Calibrate the perfect NLP Engine for the Anonymisation of Swiss Court Decisions
Hieronymus is the proud co-organiser of a hackathon on the automated anonymisation of Swiss court decisions. Together with our partners, Tilde and Pangeanic we are taking part in the 5th SwissText & 16th KONVENS Joint Conference 2020.
The topic of anonymisation is highly relevant and much discussed:
- In the era of GDPR and the redrafting of the Swiss Data Protection Act, companies must be provided with a tool that allows them to comply with new regulations in a cost-efficientand reliable manner.
- Anonymisation is key to progress in machine learning technology: without (anonymised) data, no engine can be trained.
- Under the principle of transparency, public administrations and courts are required to inform the public on their activities and publish their decisions, whilst protecting the parties’ privacy.
Data anonimisation thus typically aims to protect individuals’ privacy while maintaining the integrity of the data gathered and shared. In the technical lingo, personally identifiable information can be de-identifed, deleted, obfuscated, pseudo-anonymised or encrypted.The level of anonymisation required may vary depending on the use cases.
Deep Learning technology, combined with regular expressions and dictionaries, allows for a cost efficient “translation” from “non-anonymised” or “fully identifiable” to “anonymised” or “de-identified” texts. As for every other machine translation tool, engine specialisation is key to performance and precision.
We would like to explore the potential of a dedicated de-identification/anonymisation tool with the Hackathon participants, letting them discover the many challenges of effective anonymisation and come up with the best possible solutions. We would then share our experience and own approach with them, both as neural machine translation experts (Pangeanic and Tilde) and lawyer-linguists (Hieronymus).

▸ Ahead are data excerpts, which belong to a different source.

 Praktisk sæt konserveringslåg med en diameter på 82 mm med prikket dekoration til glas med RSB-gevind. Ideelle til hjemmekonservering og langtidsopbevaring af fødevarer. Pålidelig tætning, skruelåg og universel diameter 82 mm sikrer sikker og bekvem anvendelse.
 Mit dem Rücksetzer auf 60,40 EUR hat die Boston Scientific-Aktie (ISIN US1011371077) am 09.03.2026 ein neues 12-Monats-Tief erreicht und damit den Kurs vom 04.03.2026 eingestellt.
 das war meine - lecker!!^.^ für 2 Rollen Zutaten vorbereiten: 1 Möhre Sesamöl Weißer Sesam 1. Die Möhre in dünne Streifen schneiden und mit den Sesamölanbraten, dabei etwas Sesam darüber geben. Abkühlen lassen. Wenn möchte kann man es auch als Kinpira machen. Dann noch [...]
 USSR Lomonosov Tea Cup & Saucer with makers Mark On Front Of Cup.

The objectives of this Hack[_]thon are therefore:
1. To de-identify rather than to fully anonymise the datasets, stripping out names and obvious identifiers.

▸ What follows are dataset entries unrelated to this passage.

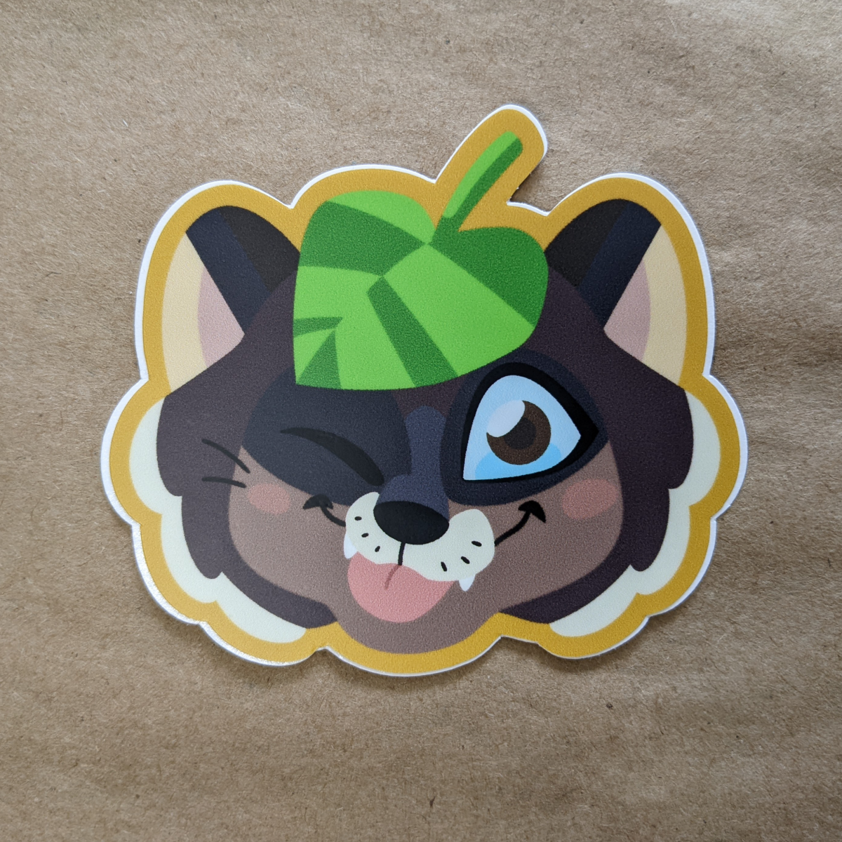 A 3" die-cut vinyl sticker of a playful tanuki wearing a leaf as a hat. This is inspired by folk tales of magic tanuki (raccoon dogs) who would place a leaf on their head to help them transform or shapeshift, usually to have fun or cause mischief.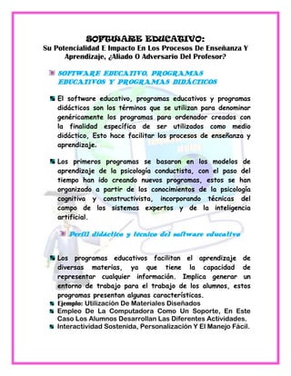 Este documento trata sobre el software educativo y su potencial impacto en los procesos de enseñanza y aprendizaje. Explica que el software educativo incluye programas creados para ser usados como medios didácticos y facilitar el aprendizaje. Luego describe algunas características de este tipo de software como su capacidad de representar información de manera interactiva y personalizada. Finalmente, discute que el impacto del software educativo depende de cómo es utilizado por el profesor.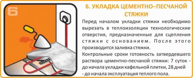 Времето, необходимо на бетона да изсъхне, е около 4 седмици. Ако е необходимо да се ускори изсъхването на пода, е позволено временно да се включи отоплението на водата с максимална температура 30 градуса.

2. To understand and potentially suggest solutions to flag information that can easily allow areader to “re-identify” the individuals or parties concerned.
On the topic of re-identification, we recommend reading this article about an interesting research conducted by the University of Zurich.
The Hackathon will be divided in 2 challenges:
- Marathon: Participants will have 1 month to train a baseline anonymisation engine based on the (constrained) data made available to them – their goal is to produce a better baseline engine for the German language than the one provided by the organizers.
- Sprint: Participants will be given specific texts to de-identify/anonymise (Zurich Court Decisions) and will have 3.5 hours to improve the results by calibrating their own baseline engine (if they took part in the Marathon) or by the baseline engine of Pangeanic/Tilde, adding pre- and post-processing rules.
Participants can use any dictionary or library of their choosing. The participants will get a short introduction (also available in written form) to the specificities of Court Decision Anonymisation and the expectations of Swiss courts.
The results of the Sprint will be assessed with automatic metrics (Precision, Recall and F1-score). The 3 best results will then be subjected to human evaluation (Lawyer-linguists and a representative of a Zurich Court).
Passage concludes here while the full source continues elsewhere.